Сам стесняется, так я наберусь наглости сделать это за него.

*К картинке №3*

-----------Зимние узоры--------------

*Стая белых лебедей, за окном кружится,    
Нежным, мягким одеялом на землю ложиться.
Вьюжит ветер сквозь берёз и свистит по щелкам,
Спряталась в своём дупле, рыженькая белка.

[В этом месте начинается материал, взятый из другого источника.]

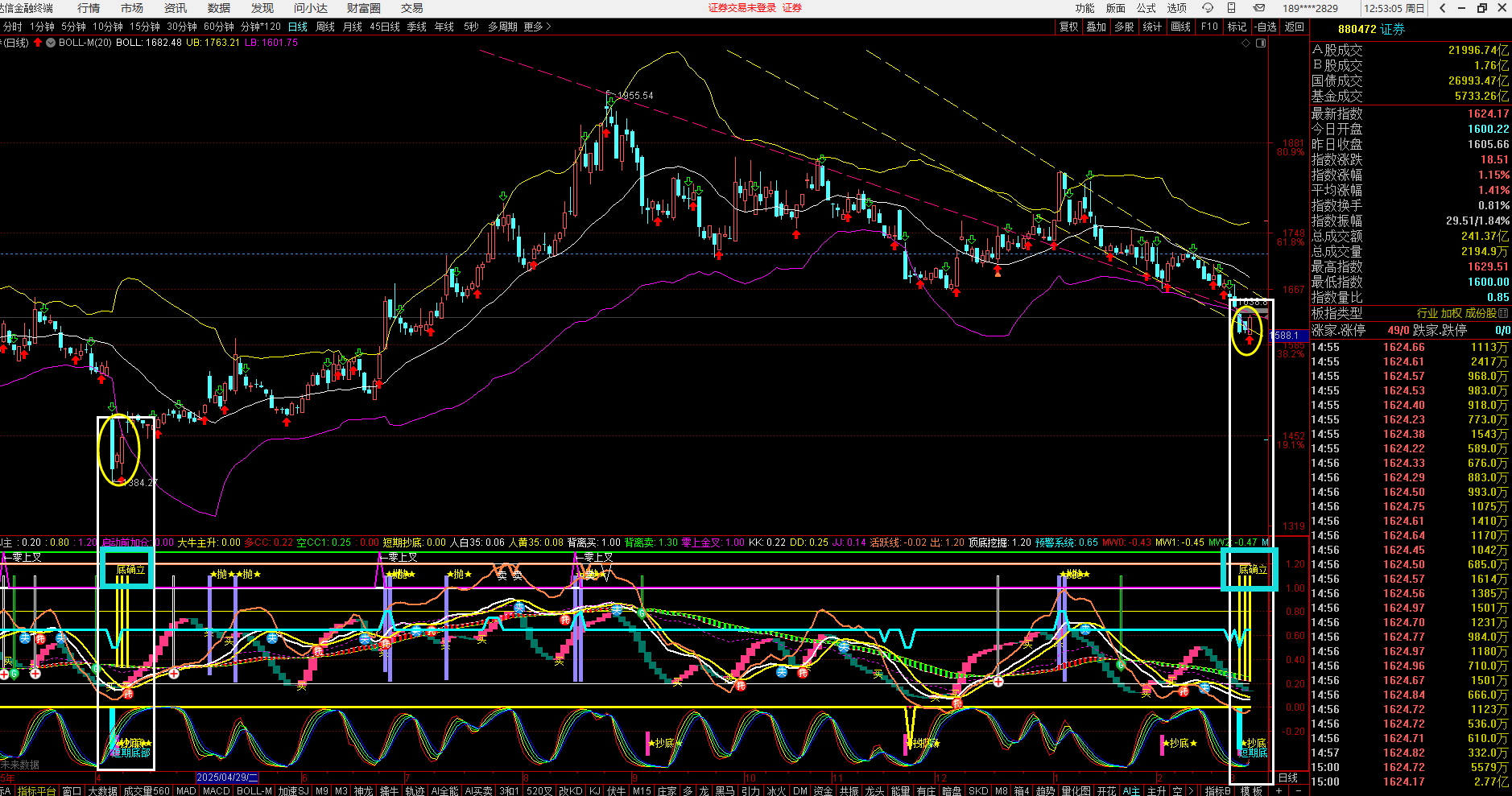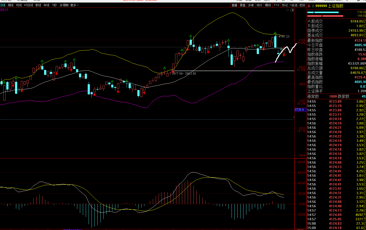 首先指数上从技术面来讲周五是普反低开高走,但是最终收在了5日线和20天线的左右,也就是说目前均线的压制作用但是还是很强,大家还记得上星期四的文章吗?我是不是给大家讲了如果哪天券商开始启动,券商上涨指数就会站上布林线中轨,上星期五券商是不是上涨了1.15%,刚好指数收盘就是站在布林线的中轨上方。上星期四的文章我说了指数摸了一下布林线中轨之后冲高回落,我还在文档里面给大家说了上证指数会围绕着布林线中轨进行震荡两天,上星期五是低开高走,那么明天星期一指数就还会围绕着布林线中轨进行震荡,也就是我给大家讲的4100点左右。

Просыпаюсь словно в сказке, на окне узоры,
Не найти вам на Руси, лучше этих, шторы.
Вот тропинка, вот сосна, озеро сверкает,
Пара белых лебедей на волнах играет.

Где найти такие краски, что зима рисует?
Словно в вальсе снегири на окне танцуют.
Вот "Морозко" на санях, тройка бьёт копытом,
Испод снега лишь листок, осени забытой.

Как люблю тебя я, Русь! Степи и просторы,
Душу пусть мороз раскрасит, в зимние узоры,
Что бы слиться с Новым годом, посреди метели,
Только не хочу вылазить  из своей постели.
*

----------


## Славина

Ещё к картинке *2* если можно.

Я скажу три слова:"Я люблю тебя!"
Если не поверишь, подними глаза,
Выше в поднебесье, загляни туда,
Что ты там увидел? То любовь моя!!!:))

----------


## Skadi

> Итак - картинки


А я и не знала.......ах, вот как.....к картинкам.......хорошо, подумаем  :Smile3: 
Спасибо за предновогоднюю "встряску" всем! Молодцы!  :Ok:

----------


## Alenajazz

*У меня ещё....*
*Картинка 1*

_Если грустно - мечтой
наполни сердце своё 

налей минералки в бокал
Сделай корабль из скорлупки

И вот он уже в океане
плывёт к твоей давней мечте 

Видны огни Уругвая
Завтра там карнавал!_

----------


## Alenajazz

*И ещё...*  :Blush2: 
*Картинка 2*

Тёмно-серое НЕЧТО...
Но выглядит так сердечно!
Стеснительность солнца?
Оно отдыхает?
мне так любопытно: 
Что тучка скрывает?  :Blink:

----------


## Янек

[IMG]http://*********su/954126.jpg[/IMG]


Я к тебе корабликом приплыву
Парусом своим стать попрошу
Поплывем мы вместе по морям
Путь отыщем к нашим берегам
Мы пойдем с тобою по волнам
Не легка дорога  к  красным берегам
Но преодолеем вместе трудный путь
Чтобы в счастья гавань вовремя свернуть

----------


## Kliakca

> *вне конкурса...)))*


[IMG]http://*********su/926222m.jpg[/IMG]

*1+2+3*
*
* * *
На дне бокала твой "Привет",
В глотке усталости притих.
Забрезжит утренний рассвет,
Наполнив терпкостью мотив.

За преломлением зеркал,
Душа, в стекле, оголена.
Полупустой лежит бокал,
И в нём плывёт "Моя вина".

Из-под пера ложится стих...
"Предновогоднее письмо".
И в строчках мысли за двоих,
Испепелённое "Клеймо".

Душа взметнулась в небеса,
Закрыв собою яркий свод,
Чтоб не прожгла меня слеза,
Скатившись радостью забот.

А ты в заснеженном краю,
Качаешь внука перед сном.
Как раньше я для вас спою,
И в мыслях посещу ваш дом.

На дне бокала твой "Привет",
Притих в обилии слезы,
Но берегов в бокале - нет,
Лишь изобилье железы...*

----------


## Skadi

> Итак - картинки...


[IMG]http://*********su/979483m.jpg[/IMG]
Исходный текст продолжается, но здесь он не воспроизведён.